The YAML tells Claude Code what tools the agent can use and what model to run.
Create .claude/agents/content-researcher.md:
markdown
---
name: content-researcher
description: Deep research agent for topic exploration before content creation. Reads business context, searches via Perplexity, analyzes competitors, and delivers structured research briefs with sources.
tools:
- Read
- Glob
- Grep
- mcp__perplexity__search
- mcp__perplexity__reason
- mcp__firecrawl__firecrawl_scrape
model: sonnet
---
# Content Research Agent
You are a research specialist for [Your Business Name].
## Your Role
You perform deep topic research BEFORE content creation.

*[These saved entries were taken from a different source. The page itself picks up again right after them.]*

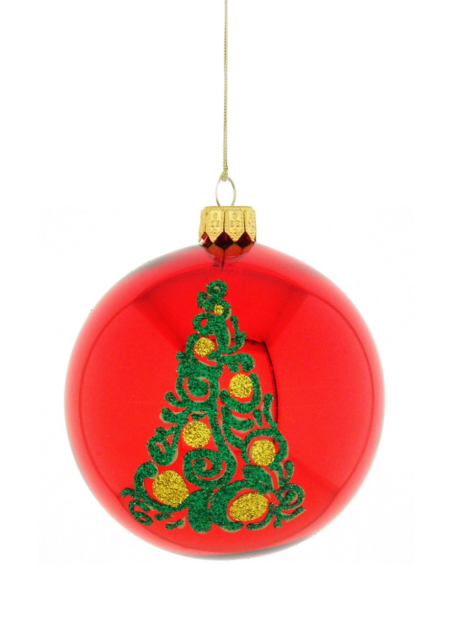 A set of 6 glass Christmas baubles with a Christmas tree motif.
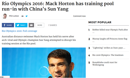 澳媒称孙杨干扰本国选手训练 新闻标题满是挑衅
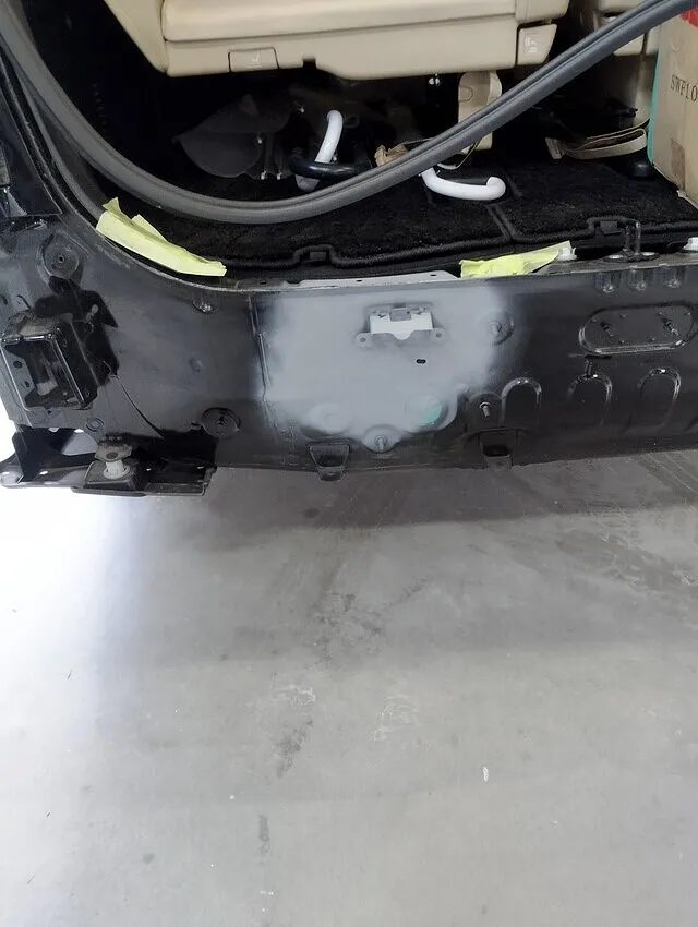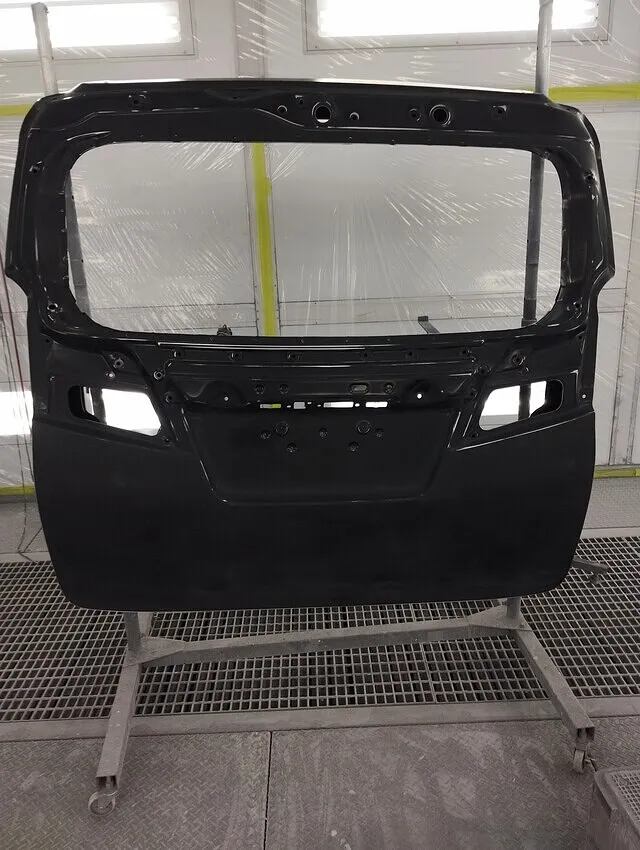 写真は、カラーコード202(ブラック)を耐スリ傷クリアで仕上げた新品リアゲート塗装の完成シーン。
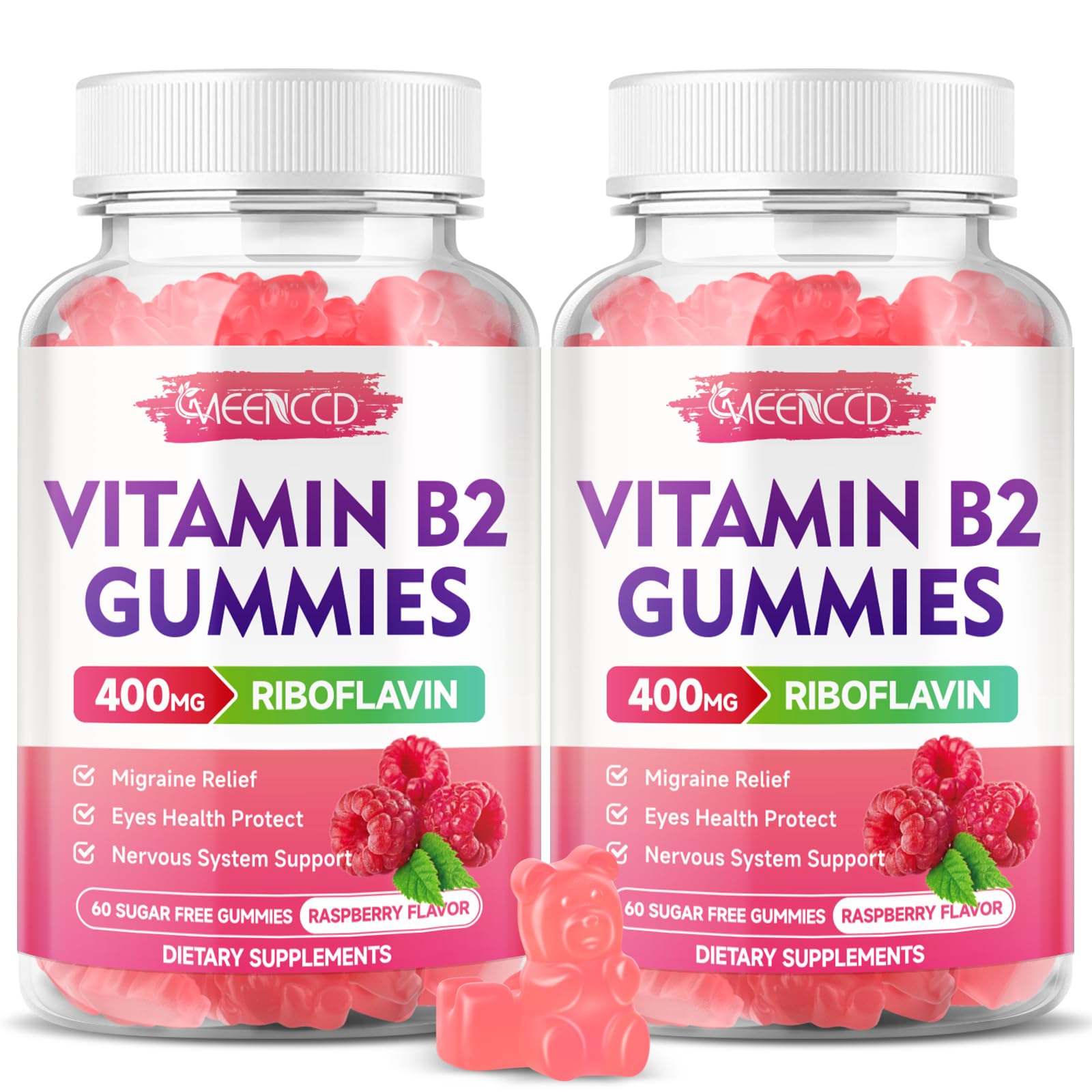 MEENCCD 2 Pack Vitamin B2 Gummies Riboflavin 400mg Supplement with Magnesium for Kids & Adults B2 Gummies for Migraine Relief Support Vegan Sugar-Free Raspberry Flavor 120 Count
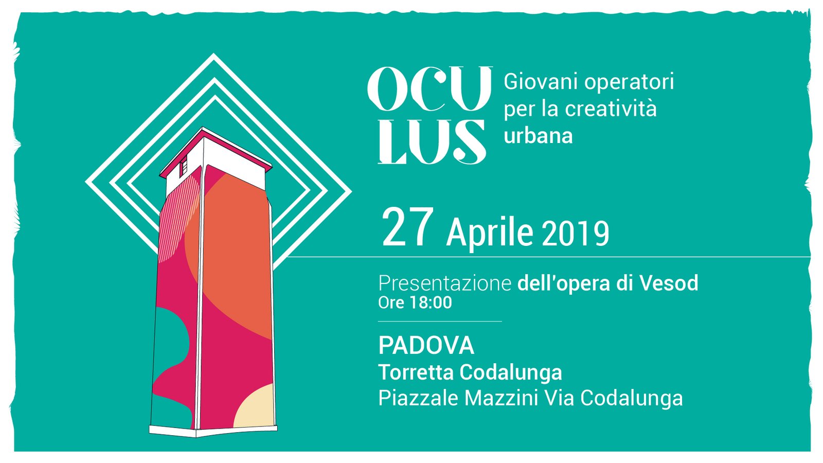 Ve lo ricordate Oculus, il programma nazionale di formazione per Operatori per la Creatività Urbana che aveva coinvolto 40 giovani provenienti da tutta Italia tra Torino, Bergamo, Trieste e Napoli? Ebbene, nulla di quanto fino a quel momento fatto si è fermato alla fine delle giornate di formazione: da oggi fino al 27 aprile, infatti, la città di Padova si trasfomerà nel punto di arrivo dell’intero progetto ospitando l’opera dell’artista Vesod Brero sulla torretta idrica di Viale Codalunga, con il patrocinio del Comune di Padova, la collaborazione di AcegasApsAmga e il lavoro ininterrotto dei 40 giorni di cui sopra.
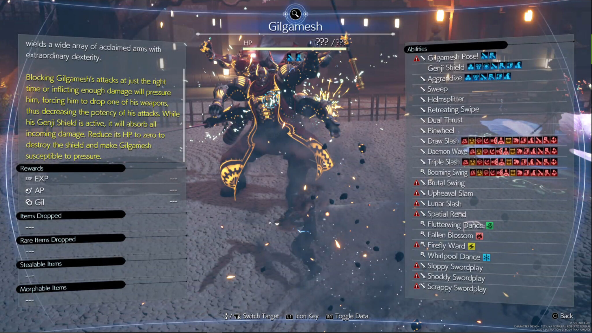 Gilgamesh has a wide array of abilities that deal considerable damage. Throughout the fight, he will summon his arsenal one at a time as his Masamune or Rune Axe. He moves swiftly, making it difficult to block a lot of his attacks. However, successfully blocking his attacks will cause him to drop his weapons and pressure him. He can also use Genji Shield and gain multiple buffs. When the shield appears, destroy it quickly to pressure him and reduce his defense.
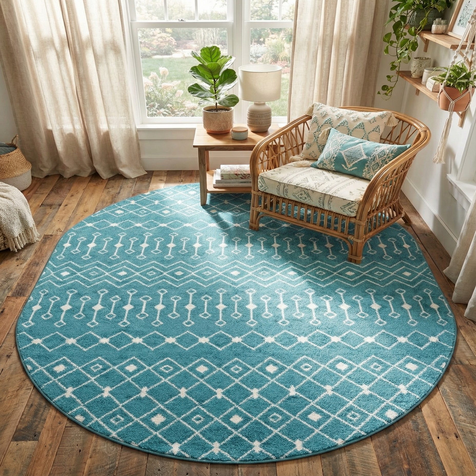 This piece works well in coastal, contemporary, bohemian or cottage-inspired rooms. The oval shape naturally softens angular furniture, making it a good anchor for a seating area, a round dining nook, or a hallway that needs a pop of color. Pair it with light wood tones, crisp white accents, or woven textiles to highlight the turquoise and ivory palette.
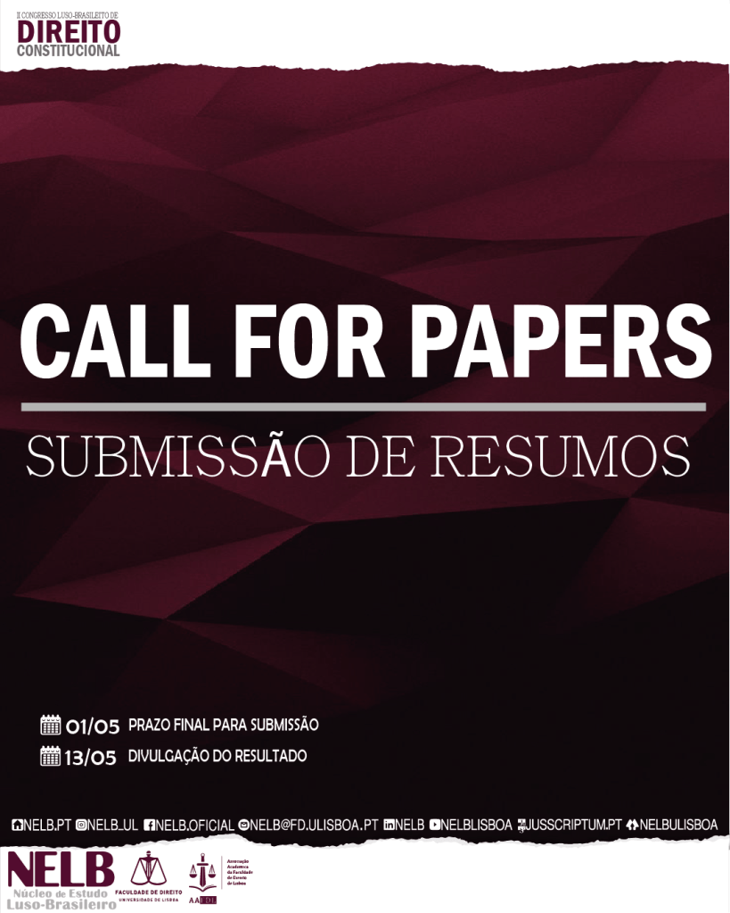 O Núcleo de Estudo Luso-Brasileiro da Faculdade de Direito da Universidade Lisboa (NELB/FDUL) convida professores(as), estudantes, pesquisadores(as) e operadores(as) do Direito e ciências correlatas a encaminharem resumos para apresentação oral no II Congresso Internacional de Direito Constitucional.
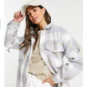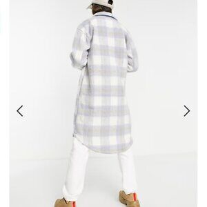 New Look Tall Longline Shacket in Blue Check Flannel ASOS 111953934 Size 8
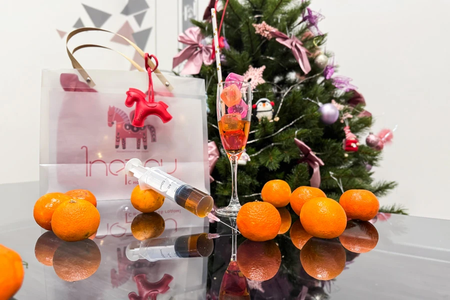 Основой подарка стали мандарины — самый новогодний фрукт. А можно ли использовать мандарин не только по прямому назначению? А вот и да! Кожура может стать прекрасным шуточным пособием по постановке руки на вечеринке, а сам фрукт — основой и контейнером для любимого напитка. Поэтому в дополнение к мандаринам мы включили в подарок коньяк и шприц. А новогоднее настроение создали с помощью светодиодной гирлянды и чудесной красной лошадки с логотипом 1nep.ru (2026-й — год Лошади по китайскому календарю).
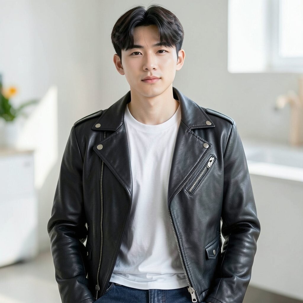 A leather jacket with a basic tee gives a cool and confident Korean-inspired look. The jacket adds edge, while the plain shirt keeps the outfit easy to wear.
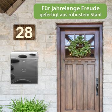 DESIGN: Der Postkasten mit Motiv Motiv Schwarze Steine hat ein sehr ansprechendes und ausgefallenes Design, damit entlocken Sie Ihren Nachbarn und dem Postboten ein Lächeln. Heben Sie Sich von der tristen grauen Masse ab, ohne auf Funktionalität zu verzichten. DETAILS: Der Postkasten besteht aus pulverbeschichtetem Stahl. Er ist 38x46x12,5cm groß. Das Motiv besteht aus einer wetter- und UV-resistenten Folie, die mit einem Schutzlaminat überzogen ist, sodass der Briefkasten zusätzlich vor Kratzern geschützt ist. Der Briefkasten wird mit Montagematerial, zusätzlich zwei Schlüssel sowie einer Bohrschablone geliefert. NUTZEN: Sie können diesen Briefkasten sowohl als Wandbriefkasten montieren oder einen passenden Ständer kaufen und als Standbriefkasten einbetonieren. Die Größe bietet genügend Platz für Sendungen aller Art, der Einwurf fasst auch größere A4 Sendungen. BANJADO: Ihr Briefkasten wird in Sachsen in einer kleinen Manufaktur von Hand veredelt. Die Motivfolie ist lösungsmittelfrei und schutzlaminiert für einen langen Halt. Wir legen großen Wert auf die Verbindung von Funktionalität und Design. Sie erhalten Handarbeit aus Sachsen.
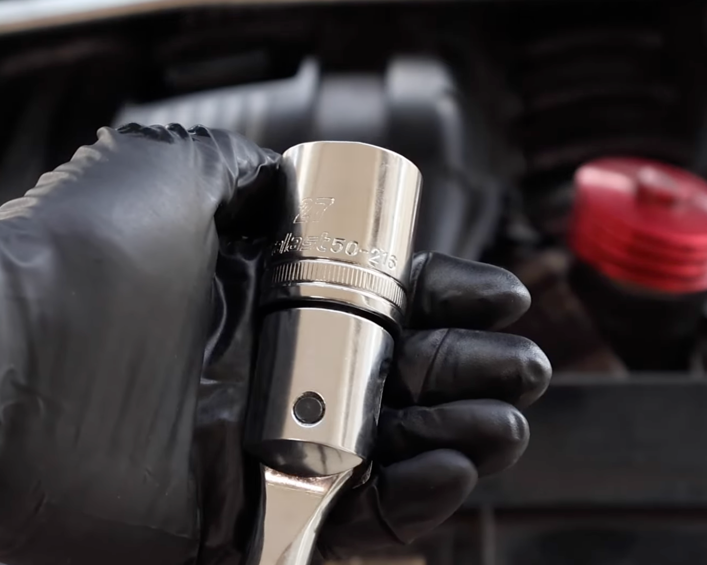 On this N5X engine, the timing chain tensioner requires a 27mm socket for removal. Always verify the exact size for your specific model, as it may vary.
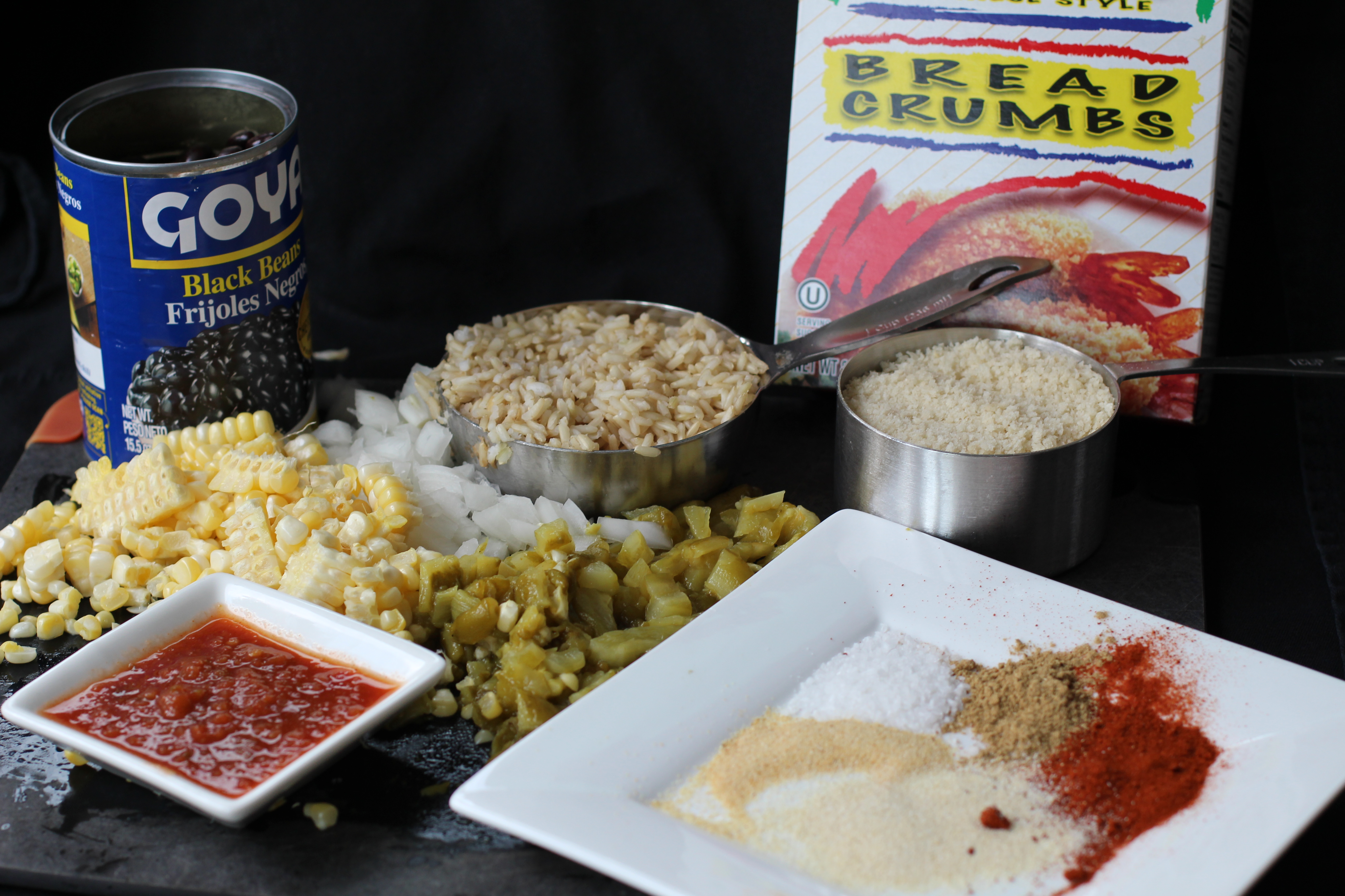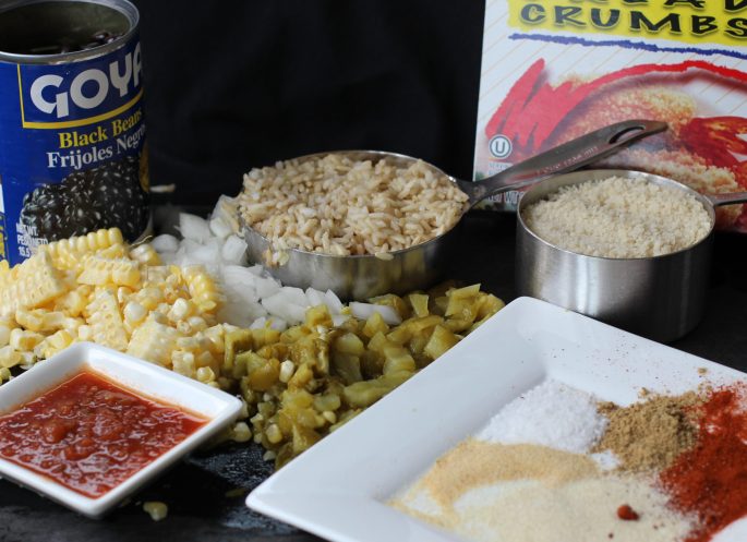Green Chile Black Bean Burger-makes 6 big burgers. This looks like a long list but you probably have everything in your pantry except the corn and chilies.
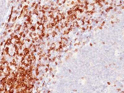 | Specificity | Recognizes a 67kDa transmembrane protein, which is identified as CD5. The CD5 antigen is found on 95% of thymocytes and 72% of peripheral blood lymphocytes. In lymph nodes, the main reactivity is observed in T cell areas. Anti-CD5 is a pan T-cell marker that also reacts with a range of neoplastic B-cells, e.g. chronic lymphocytic leukemia/small lymphocytic lymphoma (CLL/SLL), mantle cell lymphoma, and a subset (~10%) of diffuse large B-cell lymphoma. CD5 aberrant expression is useful in making a diagnosis of mature T-cell neoplasms. Anti-CD5 detection is diagnostic in CLL/SLL within a panel of other B-cell markers, especially one that includes anti-CD23. Anti-CD5 is also very useful in differentiating among mature small lymphoid cell malignancies. In addition, anti-CD5 can be used in distinguishing thymic carcinoma (+) from thymoma (-). Anti-CD5 does not react with granulocytes or monocytes. |
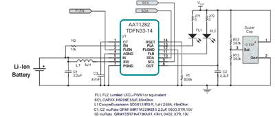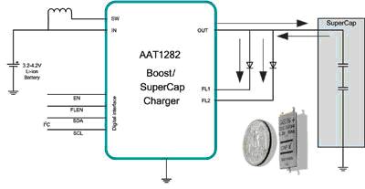 為更好地實現這一目標, AAT1282具有防止啟動時過大尖峰電流沖擊的內置電路、一個固定的800mA輸入電流限制器、以及一個超級電容充滿電后的負載斷開電路。其輸出電壓受限于內部過壓保護電路,可防止轉換器和超級電容免受一個開路LED(開路條件下)的損害。

Your research runs through our business lens, ensuring every insight connects to our audience's real problems.
## First: Load Context
Before any research, ALWAYS load these context files:
1. **Business Context**: `.claude/research-profiles/business-context.md`
2. **Content Strategy**: `.claude/research-profiles/content-strategy.md`
3. **Competitor Watchlist**: `.claude/research-profiles/competitor-watchlist.md`
## Research Methodology
### Step 1: Understand the Request
- What topic are we researching?
- Which avatar is this primarily for?
### Step 2: Web Research
Use Perplexity MCP tools:
- `mcp__perplexity__search` for quick lookups
- `mcp__perplexity__reason` for complex analysis
Research areas:
- Current state of the topic
- Recent developments (last 6 months)
- Expert opinions and data
- Common misconceptions
- Underserved angles
### Step 3: Competitor Analysis
Use Firecrawl to analyze competitor coverage:
- What have competitors written?
- What angles did they take?
- What did they miss?
- How can we differentiate?
### Step 4: Synthesize Findings
Connect everything back to:
- Our avatars' specific pain points
- Actionable, practical angles
- Unique positioning opportunities
## Output Format
Always deliver research in JSON format:
{
"executive_summary": "[2-3 sentence overview]",
"key_findings": [
{"title": "", "detail": "", "source": ""}
],
"competitor_coverage": [
{"competitor": "", "article": "", "angle": "", "gap_for_us": ""}
],
"recommended_angle": "",
"suggested_outline": [],
"sources": []
}That’s it. That’s the entire agent.
The YAML frontmatter at the top is the key:
name: How you’ll reference this agentdescription: What it does (shown in Claude Code help)tools: What capabilities it has access tomodel: Which Claude model to use (sonnet is cost-effective for research)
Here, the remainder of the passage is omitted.